# Seeking The Sky



## TheModernSamurai (Oct 5, 2005)

10/5/05
This is the Prologue.  The campaign begins tomorrow, thus Chapter 1 should be posted then.  Enjoy, for this world has come mainly from my own mind.



Prologue​
“YOU CAN ALMOST SEE STARS IF YOU’RE OUT LATE AT NIGHT.  BUT THEN YOU HAVE TO REMEMBER – THERE’S NO SKY ANYMORE.”
	-ARAMIL MIRROBIT, ELVEN SCHOLAR

	For millennia, rule of Terra went to the six- (6) humanoid Realms:

	The Empire, of Men
	The Crystal Palaces, of Elves
	The Mekkan Tribes, of Orcs
	The Roaming Towers, of Gnomes
	The Stronghold Mines, of Dwarves
     and 	The Jungle Cities, of Halflings.

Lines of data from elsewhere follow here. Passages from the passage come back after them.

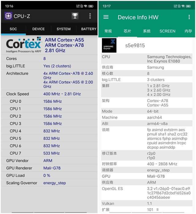 vivo X70 Pro搭载了一颗与三星合作共同研发的三星Exynos 1080处理器,采用了5nm EUV FinFET工艺制造,拥有一个A78超大核+三个A78大核+四个A55小核共八个核心组成,其中,超大核的最高主频能带到2.81GHz的高性能表现。而显卡方面,更是首发使用了Mail-G78架构核心,并带来了高达10核心的显示输出,完美轻松应对各类型图形处理。同时,该出来器还整合了5G双模基带,能为你带来最高5.1Gbps的下载速度。
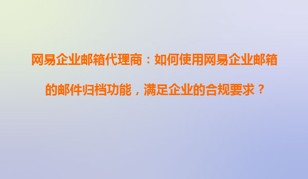 2025-11-01網易企業郵箱代理商:如何使用網易企業郵箱的郵件歸檔功能,滿足企業的合規要求 一、郵件歸檔功能的重要性 在數字化辦公日益普及的今天,企業郵件不僅是日常溝通的工具,更是重要的...
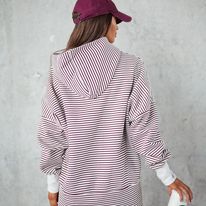 Bluza w bordowe paski z kapturem. Długi  rękaw zakończony ściągaczem z wycięciem na kciuka. Przód krótszy, tył dłuższy, po bokach znajdują się rozstrzelenia. Bluza doskonale sprawdzi się w codziennych stylizacjach w chłodniejsze dni.
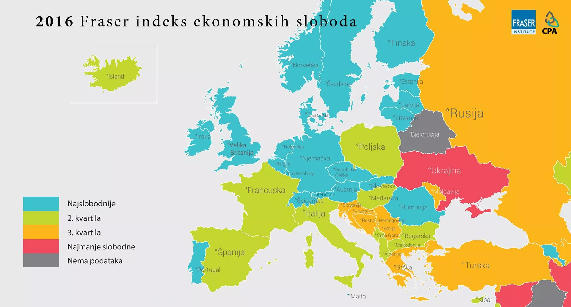 BiH se nalazi na 91. poziciji od ukupno 158 država i Hong Konga koje su obuhvaćene u izvještaju Ekonomske slobode širom svijeta: 2016 - Godišnji izvještaj, koji je objavljen danas od strane Centra za poslovnu afirmaciju (CPA) u saradnji sa Fraser Institutom iz Kanade, prenosi novinska agencija Patria.
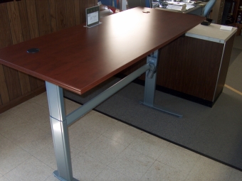 Fisher James electric height adjustable workstation at very reasonable price Adjusts in height from 27" to 47". Supports up to 176 lbs. Extra safety switch prevents accidental raising or lowering of workstation. Availble with a custom top, (AS SHOWN) or use your own.

Though it was not unheard of for the realms to mix, they usually kept to themselves and concentrated on their own strengths.
	While each was individually strong, they had trouble fighting the Hordes.  Masses of what they viewed as lesser beasts, the kobolds, goblins, hobgoblins, Illithids, and other foul creatures would rise out of the depths and try to claim whatever land they could.  Through most of the Realms’ years on land, the Hordes had no success.
	However, in 5098MT (Middle Time), the Hordes declared a mass, unified attack on the sentient Realms.  Somehow, Hellspawn escaped from the very core of Terra and assisted the Hordes in pushing the Realms off of the surface.  Using the Dwarven Stronghold Mines, the races fled to the inner layer of Terra and put up settlements.
	As they grew, the Hellspawned beasts pushed the Horde into the layer between the Realms and the surface and produced a buffer.  The Realms started new time using Gnome timepieces (as they couldn’t see the moon), expanded to create a second general globe inside Terra, and produced their own buffer to seal the remainder of the Hellspawn.  The Hellspawn buffer sealed them from going back up, and their own buffer stopped them from going down.
            The Realms unified, integrated their cities, and established The Tribunal.  The Tribunal grew from a small council to a founding government of New Terra.  It began to seek out worthy men and women to, in turn, seek the sky.
	As the Realms move into 353DT (Depth Time), Hellspawn are rising from the depths once more; The Hordes are sick of their desecrated Hordelands; and the Realms are beginning to fear that the Tribunal will not find heroes in time.


----------